Background: Reports of gabapentin use in diabetic peripheral neuropathy pain stimulate a need for controlled trials to determine its comparative efficacy to the therapeutic standard of amitriptyline hydrochloride.
Objective: To determine the efficacy of gabapentin compared with amitriptyline in treating diabetic peripheral neuropathy pain.
Design: Prospective, randomized, double-blind, double-dummy, crossover study.
Setting: Veterans Affairs San Diego Healthcare System, Ambulatory Care Clinic.
Patients: Twenty-eight veterans were referred by their primary care providers. Two patients withdrew before randomization because of no neuropathic pain after washout; a third withdrew for unexpected surgery that required analgesics. Three patients withdrew because of adverse effects and 1 for protocol violation.

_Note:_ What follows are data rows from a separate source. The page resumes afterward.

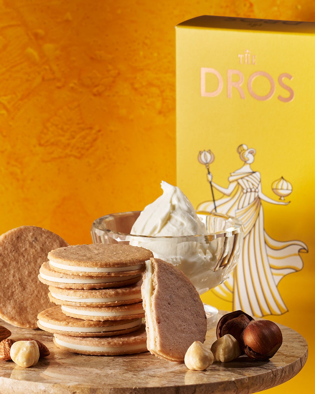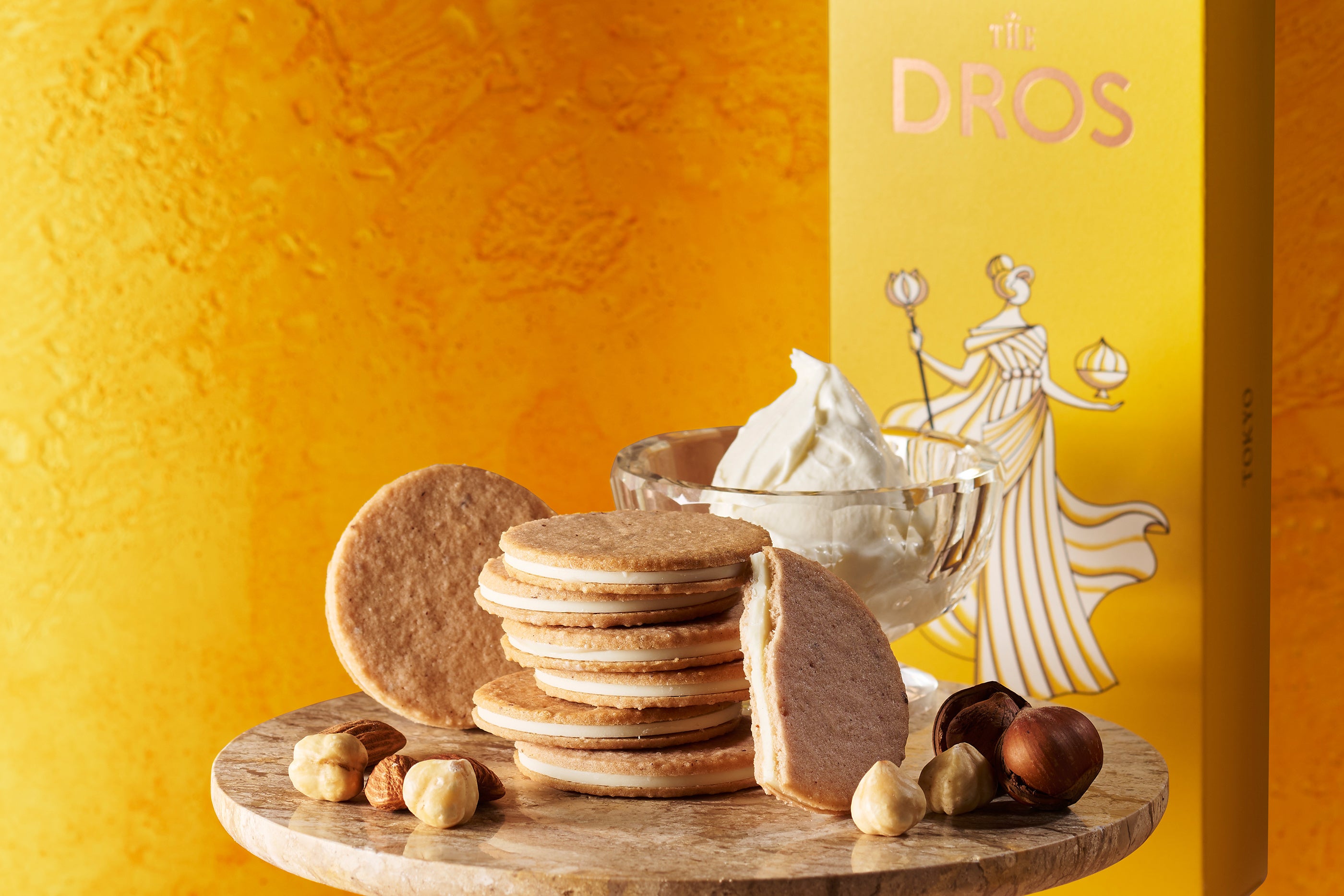 サクッ、パリッ食感。新たな魅惑のスイーツ誕生。【THE DROS(ザ・ドロス)】が贈る、木の実とチーズの味わい広がる新作クッキー。「サンドクッキー〔マスカルポーネ&ヘーゼルナッツ〕」を新発売!
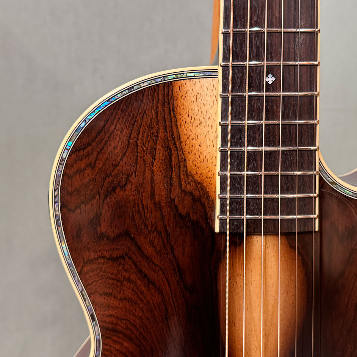 サップの混ざった特殊な木目の2ピース材を使用します。ヘッド天神にもハカランダを用い、糸巻きはジリコーテつまみのGotoh製 SGV510-ZS-CKを採用します。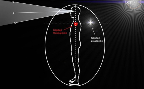 Как видно из рисунка, отражающего не обращённое (рациональное) состояние сознания, ум человека, символизирующий зрение, направлен сугубо во внешний мир, а не во внутренний. При этом сознание сердца остаётся полностью закрытым и Бог для рационального ума как бы не существует. В процессе обращения ума к сердцу ситуация меняется радикально.

Interventions: Patients with stable glycemic control and neuropathic pain randomized to 6 weeks of therapy with gabapentin, 900 to 1800 mg/d, or amitriptyline hydrochloride, 25 to 75 mg/d, with a 1-week washout before crossover.
Main outcome measures: Pain relief measured by pain scale with verbal descriptors and global pain score assessment at treatment end.
Results: Participants and investigators were blinded throughout. Mean dosages were of gabapentin, 1565 mg/d, and of amitriptyline hydrochloride, 59 mg/d. Sixty-five percent of patients reached maximum dose with gabapentin and 54% with amitriptyline. Mean score diary analysis showed pain relief with gabapentin and amitriptyline was not significantly different (P = .26). Global data were obtained from 21 of 25 enrolled patients who completed the study. Moderate or greater pain relief was experienced in 11 (52%) of 21 patients with gabapentin and 14 (67%) of 21 patients with amitriptyline. There were no significant period or carry-over effects (P = .35).
Conclusions: Although both drugs provide pain relief, mean pain score and global pain score data indicate no significant difference between gabapentin and amitriptyline. Gabapentin may be an alternative for treating diabetic peripheral neuropathy pain, yet does not appear to offer considerable advantage over amitriptyline and is more expensive. Larger trials are necessary to define gabapentin's place in treating diabetic peripheral neuropathy pain.